* **Task objective**
From the records below, extract all the text exactly and leave the images behind.

* **Entries shown**
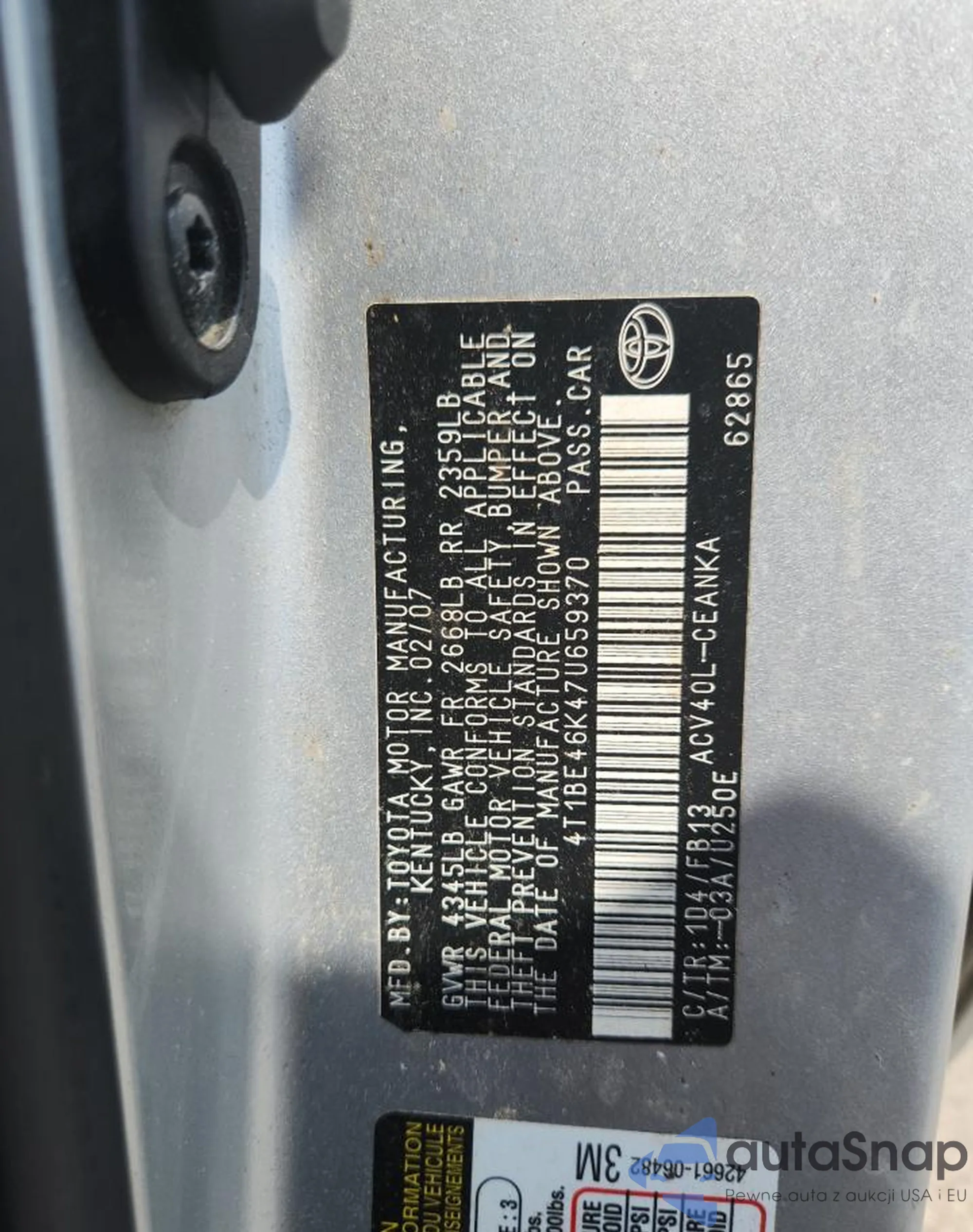LOT: 69349915 VIN: 4T1BE46K47U659370
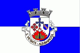 Flag and arms are the nearly the same as those of Prazeres de Aljubarrota (see above). The only differences are the inscription of the scroll, reading "S. VICENTE - ALJUBARROTA" and the shield here is parted per chevron rayonné.
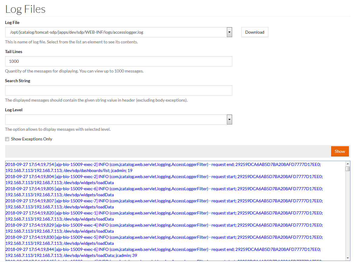 - Log Level - results can be filtered for messages like DEBUG, INFO, WARN, ERROR. Select the desired level from the drop down menu. Messages for all levels are displayed if a log level is not selected.
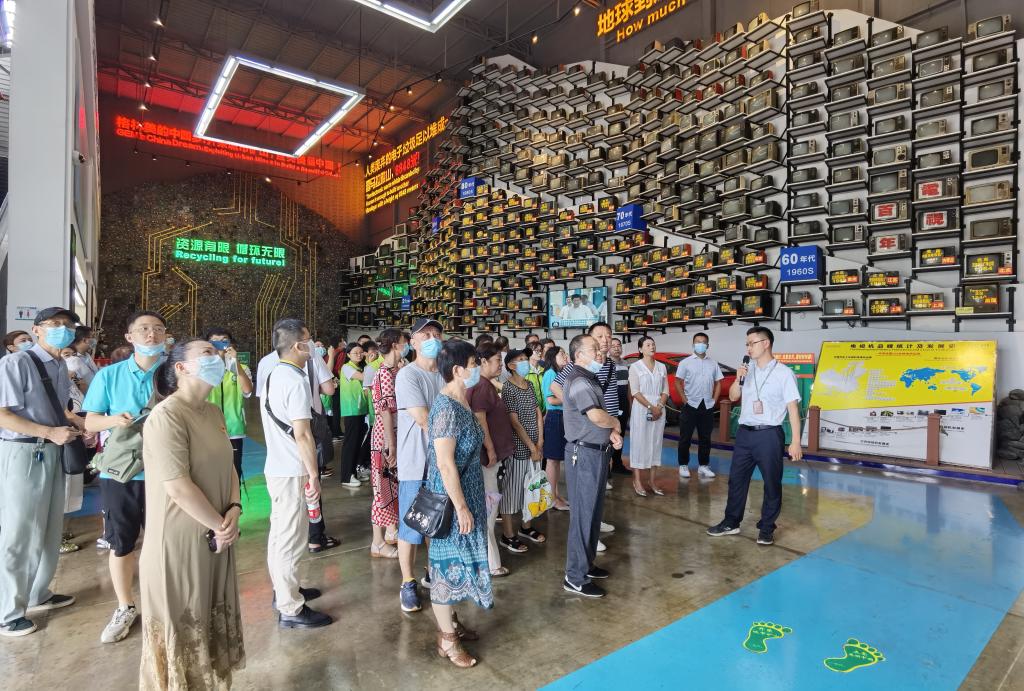 在格林美武汉低碳产业园的城市矿山博物馆里,一条特殊“山脉”引人注目。它由364台不同年代的废旧电视机组成,寓意着人类报废的电子废弃物足以堆成一座喜马拉雅山。格林美武汉研究院院长宋华伟博士介绍道:“2013年7月22日,习近平总书记在这里考察时指出,变废为宝、循环利用是朝阳产业,使垃圾资源化,这是化腐朽为神奇,既是科学,也是艺术,而我们企业正是将习近平总书记的话牢记在心,稳扎稳打地发展循环经济。”党员们看到废旧电池回收与电池材料制造、电子废弃物循环利用与高值化利用、报废汽车回收处理与整体资源化等循环产业链,还有回收双层巴士改造的员工通道,纷纷表示课本上的低碳循环在生产场景中更加生动和立体。
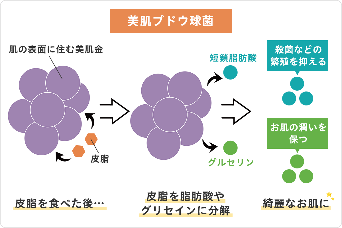 皮膚に存在する常在菌(※表皮ブドウ球菌)の水分を生み出す働きを促し、肌そのものに潤いをつくり出してもらう処方を設計しました。
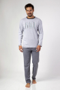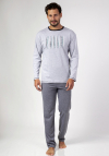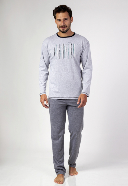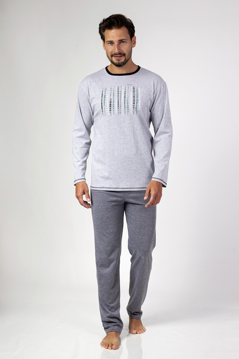 Klasyczna piżama męska z długim rękawem z wysokogatunkowej bawełny. Koszulka gładka z okrągłym dekoltem i nadrukiem klatki piersiowej. Do kompletu spodnie jednolite z długimi nogawkami. Skład: 100% Bawełna
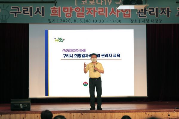 안승남 시장은 사업장 및 참여자 관리 교육에 직접 참여해 “이번 코로나19 극복 희망일자리 사업에 1,500명의 대규모 인원이 참여한 만큼, 각 사업장 별 세심한 관리가 필요하다”며 “그동안 직원 인력만으로 어려웠던 다중이용시설, 학교 등 코로나19 생활방역과 다양한 공공부문에서 참여자들과 잘 협력해 더욱 적극적이고 깊이 있게 본연의 업무를 추진해 주기를 바란다”고 당부했다.
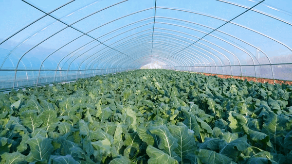 目前,响水县西蓝花产业已基本实现全链发展。规模基地全面覆盖,智能化育苗全程护航,大量标准化的温室大棚组成了一个规整的阵列,由统一的合金骨架支撑,覆盖其上的塑料薄膜呈现出标准的半圆形。
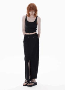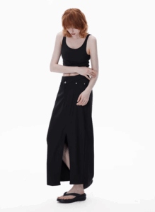 a long suit dress with a slit design
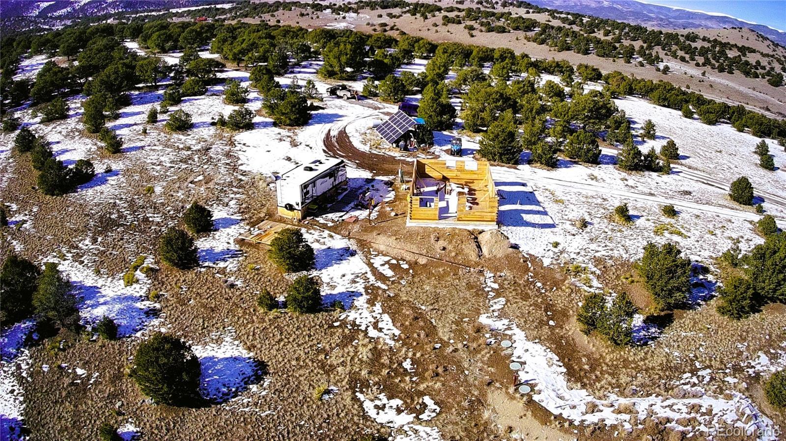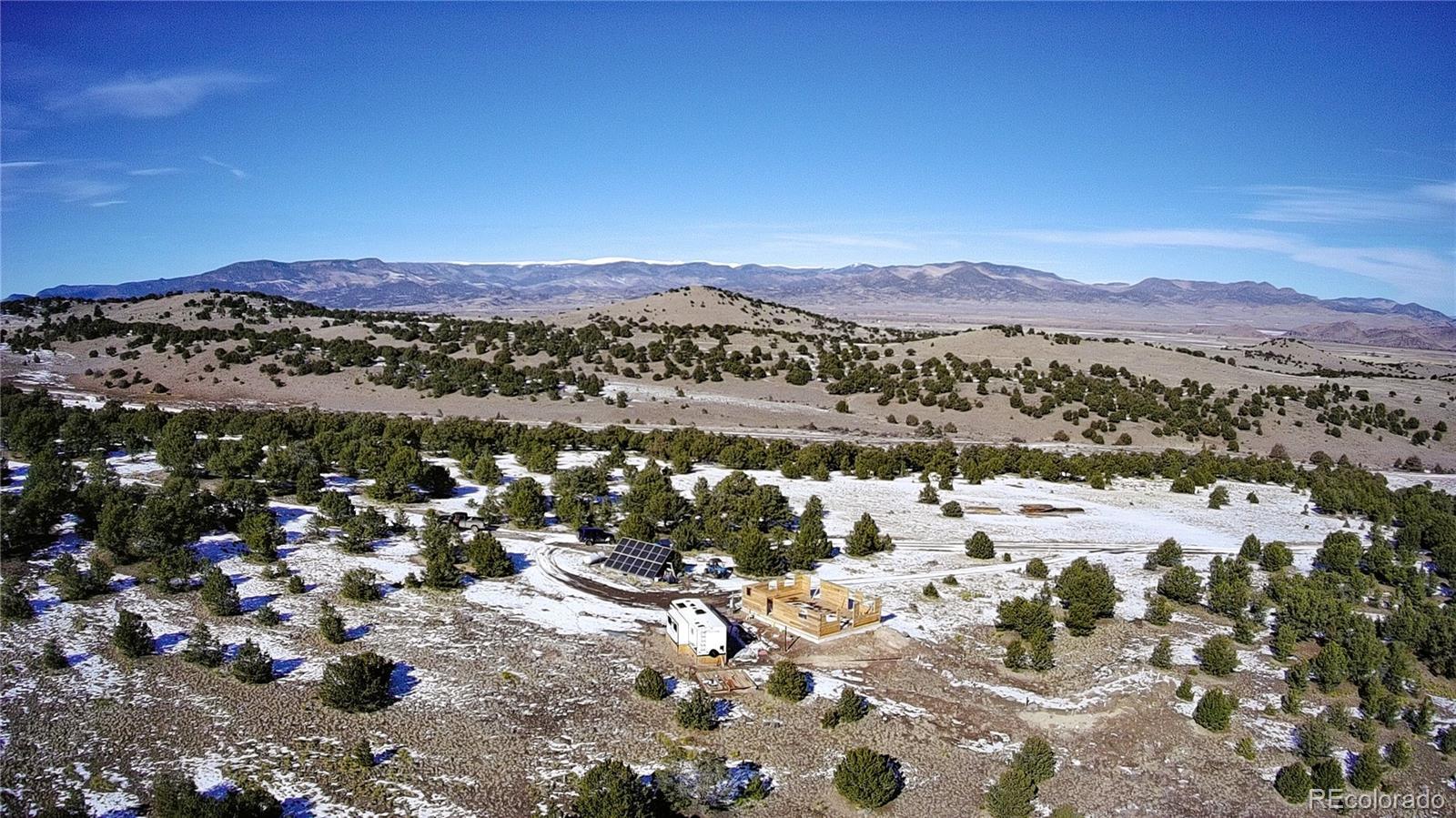 Step into your serene off-grid oasis on 38 expansive acres in a highly desirable area of the San Luis Valley just 10 minutes south of Del Norte. Enjoy the perfect balance of mountain privacy and convenient access to nearby amenities. This property includes building plans for a two-story, 1360 square-foot home. The home needs two additional rows of logs before trusses can be set, giving you a significant start on completing your dream home. A 2022 Grand Design camper is included on the property, providing comfortable on-site living while you build. The off-grid solar system feathers a powerful 9,000-watt inverter with 50-amp service, comparable to 220-240 electrical service, offering reliable and efficient energy. There are also four lithium ion phosphate batteries with room for more that are connected to a generator connected to a propane tank for back up power. This property is well equipped with essential infrastructure, including a domestic well and a newly installed engineered septic system completed in 2024. The land has been surveyed and all operation paperwork will be provided for a seamless transition. Whether you’re seeking a private mountain retreat with absolutely stunning 360 views, a sustainable lifestyle, or a head start on a home, this exceptional property offers space, independence, and peace of mind in one of Colorado’s most scenic regions.

* **Response to this exercise**
LOT: 69349915 VIN: 4T1BE46K47U659370
 Flag and arms are the nearly the same as those of Prazeres de Aljubarrota (see above). The only differences are the inscription of the scroll, reading "S. VICENTE - ALJUBARROTA" and the shield here is parted per chevron rayonné.
 - Log Level - results can be filtered for messages like DEBUG, INFO, WARN, ERROR. Select the desired level from the drop down menu. Messages for all levels are displayed if a log level is not selected.
 在格林美武汉低碳产业园的城市矿山博物馆里,一条特殊“山脉”引人注目。它由364台不同年代的废旧电视机组成,寓意着人类报废的电子废弃物足以堆成一座喜马拉雅山。格林美武汉研究院院长宋华伟博士介绍道:“2013年7月22日,习近平总书记在这里考察时指出,变废为宝、循环利用是朝阳产业,使垃圾资源化,这是化腐朽为神奇,既是科学,也是艺术,而我们企业正是将习近平总书记的话牢记在心,稳扎稳打地发展循环经济。”党员们看到废旧电池回收与电池材料制造、电子废弃物循环利用与高值化利用、报废汽车回收处理与整体资源化等循环产业链,还有回收双层巴士改造的员工通道,纷纷表示课本上的低碳循环在生产场景中更加生动和立体。
 皮膚に存在する常在菌(※表皮ブドウ球菌)の水分を生み出す働きを促し、肌そのものに潤いをつくり出してもらう処方を設計しました。
 Klasyczna piżama męska z długim rękawem z wysokogatunkowej bawełny. Koszulka gładka z okrągłym dekoltem i nadrukiem klatki piersiowej. Do kompletu spodnie jednolite z długimi nogawkami. Skład: 100% Bawełna
 안승남 시장은 사업장 및 참여자 관리 교육에 직접 참여해 “이번 코로나19 극복 희망일자리 사업에 1,500명의 대규모 인원이 참여한 만큼, 각 사업장 별 세심한 관리가 필요하다”며 “그동안 직원 인력만으로 어려웠던 다중이용시설, 학교 등 코로나19 생활방역과 다양한 공공부문에서 참여자들과 잘 협력해 더욱 적극적이고 깊이 있게 본연의 업무를 추진해 주기를 바란다”고 당부했다.
 目前,响水县西蓝花产业已基本实现全链发展。规模基地全面覆盖,智能化育苗全程护航,大量标准化的温室大棚组成了一个规整的阵列,由统一的合金骨架支撑,覆盖其上的塑料薄膜呈现出标准的半圆形。
 a long suit dress with a slit design
 Step into your serene off-grid oasis on 38 expansive acres in a highly desirable area of the San Luis Valley just 10 minutes south of Del Norte. Enjoy the perfect balance of mountain privacy and convenient access to nearby amenities. This property includes building plans for a two-story, 1360 square-foot home. The home needs two additional rows of logs before trusses can be set, giving you a significant start on completing your dream home. A 2022 Grand Design camper is included on the property, providing comfortable on-site living while you build. The off-grid solar system feathers a powerful 9,000-watt inverter with 50-amp service, comparable to 220-240 electrical service, offering reliable and efficient energy. There are also four lithium ion phosphate batteries with room for more that are connected to a generator connected to a propane tank for back up power. This property is well equipped with essential infrastructure, including a domestic well and a newly installed engineered septic system completed in 2024. The land has been surveyed and all operation paperwork will be provided for a seamless transition. Whether you’re seeking a private mountain retreat with absolutely stunning 360 views, a sustainable lifestyle, or a head start on a home, this exceptional property offers space, independence, and peace of mind in one of Colorado’s most scenic regions.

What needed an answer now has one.